Data shown: Begin

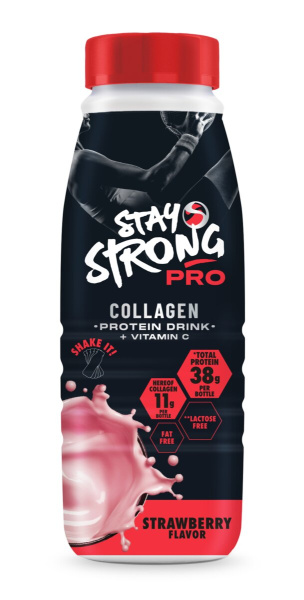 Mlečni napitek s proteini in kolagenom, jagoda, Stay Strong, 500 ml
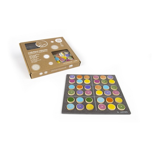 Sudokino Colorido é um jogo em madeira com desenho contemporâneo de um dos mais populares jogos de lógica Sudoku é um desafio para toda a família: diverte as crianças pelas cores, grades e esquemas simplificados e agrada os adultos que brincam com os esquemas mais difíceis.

Data shown: End
Data shown: Begin

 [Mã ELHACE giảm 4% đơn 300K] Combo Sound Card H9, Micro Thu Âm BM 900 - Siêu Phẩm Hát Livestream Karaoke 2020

Data shown: End

Beginning with the line holding "Mlečni napitek s" in the material above, restate word for word each line through the line holding "Sudokino Colorido é", and exclude pictures.

- **Task solution**:
 Mlečni napitek s proteini in kolagenom, jagoda, Stay Strong, 500 ml
 Sudokino Colorido é um jogo em madeira com desenho contemporâneo de um dos mais populares jogos de lógica Sudoku é um desafio para toda a família: diverte as crianças pelas cores, grades e esquemas simplificados e agrada os adultos que brincam com os esquemas mais difíceis.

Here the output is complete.